_Task instructions_
Among the lines below, a stretch begins at the one with "Fans hold signs" and ends at the one with "Digital artwork of". Repeat that stretch exactly, ends included.

[[ Data for the task, beginning ]]

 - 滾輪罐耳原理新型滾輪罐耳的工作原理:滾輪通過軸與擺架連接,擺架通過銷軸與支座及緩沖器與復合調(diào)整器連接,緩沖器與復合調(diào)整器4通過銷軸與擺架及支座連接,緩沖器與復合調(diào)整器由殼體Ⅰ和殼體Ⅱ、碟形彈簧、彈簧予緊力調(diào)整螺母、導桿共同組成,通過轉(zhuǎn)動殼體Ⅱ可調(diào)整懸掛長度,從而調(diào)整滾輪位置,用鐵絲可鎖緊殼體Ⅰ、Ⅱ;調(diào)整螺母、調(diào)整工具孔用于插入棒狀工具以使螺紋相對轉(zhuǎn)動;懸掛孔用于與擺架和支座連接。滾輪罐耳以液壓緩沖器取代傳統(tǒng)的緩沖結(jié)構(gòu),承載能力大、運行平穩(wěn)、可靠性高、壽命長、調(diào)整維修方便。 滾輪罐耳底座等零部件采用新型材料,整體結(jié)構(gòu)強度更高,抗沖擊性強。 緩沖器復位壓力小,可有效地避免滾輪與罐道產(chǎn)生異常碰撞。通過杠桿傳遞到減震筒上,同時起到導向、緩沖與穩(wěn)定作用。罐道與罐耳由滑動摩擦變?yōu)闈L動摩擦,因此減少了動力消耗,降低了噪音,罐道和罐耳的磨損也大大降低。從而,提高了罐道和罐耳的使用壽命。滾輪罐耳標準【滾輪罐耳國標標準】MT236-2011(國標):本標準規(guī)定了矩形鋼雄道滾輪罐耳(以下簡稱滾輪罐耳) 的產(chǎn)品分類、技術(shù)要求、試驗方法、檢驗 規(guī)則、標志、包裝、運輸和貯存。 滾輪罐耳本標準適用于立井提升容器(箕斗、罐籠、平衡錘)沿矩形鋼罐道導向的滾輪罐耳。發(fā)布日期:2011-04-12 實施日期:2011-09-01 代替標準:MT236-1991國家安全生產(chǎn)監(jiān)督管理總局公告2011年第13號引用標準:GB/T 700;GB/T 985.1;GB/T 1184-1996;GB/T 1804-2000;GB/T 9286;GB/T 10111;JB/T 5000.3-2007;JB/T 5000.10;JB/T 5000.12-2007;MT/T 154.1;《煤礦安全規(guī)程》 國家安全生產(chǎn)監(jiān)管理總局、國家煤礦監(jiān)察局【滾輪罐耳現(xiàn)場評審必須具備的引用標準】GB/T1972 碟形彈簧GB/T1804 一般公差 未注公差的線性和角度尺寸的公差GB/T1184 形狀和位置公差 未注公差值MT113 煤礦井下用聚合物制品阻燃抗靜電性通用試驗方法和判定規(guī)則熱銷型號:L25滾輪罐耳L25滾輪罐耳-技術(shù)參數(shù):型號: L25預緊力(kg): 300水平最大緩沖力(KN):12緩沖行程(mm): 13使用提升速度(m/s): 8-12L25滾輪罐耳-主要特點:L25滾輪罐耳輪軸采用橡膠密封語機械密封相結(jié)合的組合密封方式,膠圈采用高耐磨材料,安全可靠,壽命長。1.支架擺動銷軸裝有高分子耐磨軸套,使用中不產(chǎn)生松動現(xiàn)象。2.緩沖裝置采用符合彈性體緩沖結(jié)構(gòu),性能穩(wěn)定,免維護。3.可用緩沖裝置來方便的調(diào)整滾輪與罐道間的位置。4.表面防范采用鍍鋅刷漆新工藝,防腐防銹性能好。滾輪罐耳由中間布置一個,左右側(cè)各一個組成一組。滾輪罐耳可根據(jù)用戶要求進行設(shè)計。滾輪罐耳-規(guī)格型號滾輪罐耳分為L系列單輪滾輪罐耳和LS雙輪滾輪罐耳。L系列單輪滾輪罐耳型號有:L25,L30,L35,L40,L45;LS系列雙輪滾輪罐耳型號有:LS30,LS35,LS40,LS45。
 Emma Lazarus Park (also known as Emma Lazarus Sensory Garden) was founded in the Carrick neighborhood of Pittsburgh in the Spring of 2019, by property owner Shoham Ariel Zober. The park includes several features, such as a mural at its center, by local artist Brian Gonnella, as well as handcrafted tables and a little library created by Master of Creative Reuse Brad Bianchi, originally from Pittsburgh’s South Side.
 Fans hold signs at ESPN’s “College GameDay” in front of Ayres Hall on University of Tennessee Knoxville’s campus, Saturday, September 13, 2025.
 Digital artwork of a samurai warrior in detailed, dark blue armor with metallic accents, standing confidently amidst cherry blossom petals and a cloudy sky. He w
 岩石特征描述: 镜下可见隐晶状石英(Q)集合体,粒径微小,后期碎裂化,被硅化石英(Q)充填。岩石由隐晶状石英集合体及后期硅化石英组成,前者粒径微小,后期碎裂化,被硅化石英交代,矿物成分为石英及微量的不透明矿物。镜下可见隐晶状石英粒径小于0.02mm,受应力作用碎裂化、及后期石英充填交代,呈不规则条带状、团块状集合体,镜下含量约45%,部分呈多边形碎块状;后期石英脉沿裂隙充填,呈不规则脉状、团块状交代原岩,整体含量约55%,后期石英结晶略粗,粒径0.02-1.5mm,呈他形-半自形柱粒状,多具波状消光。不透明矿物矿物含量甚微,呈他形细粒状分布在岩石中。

[[ Data for the task, end ]]
[[ Data for the task, beginning ]]

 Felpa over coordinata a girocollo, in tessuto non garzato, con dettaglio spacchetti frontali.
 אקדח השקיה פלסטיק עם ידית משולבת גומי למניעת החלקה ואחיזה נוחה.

[[ Data for the task, end ]]

_Result of this exercise_
 Fans hold signs at ESPN’s “College GameDay” in front of Ayres Hall on University of Tennessee Knoxville’s campus, Saturday, September 13, 2025.
 Digital artwork of a samurai warrior in detailed, dark blue armor with metallic accents, standing confidently amidst cherry blossom petals and a cloudy sky. He w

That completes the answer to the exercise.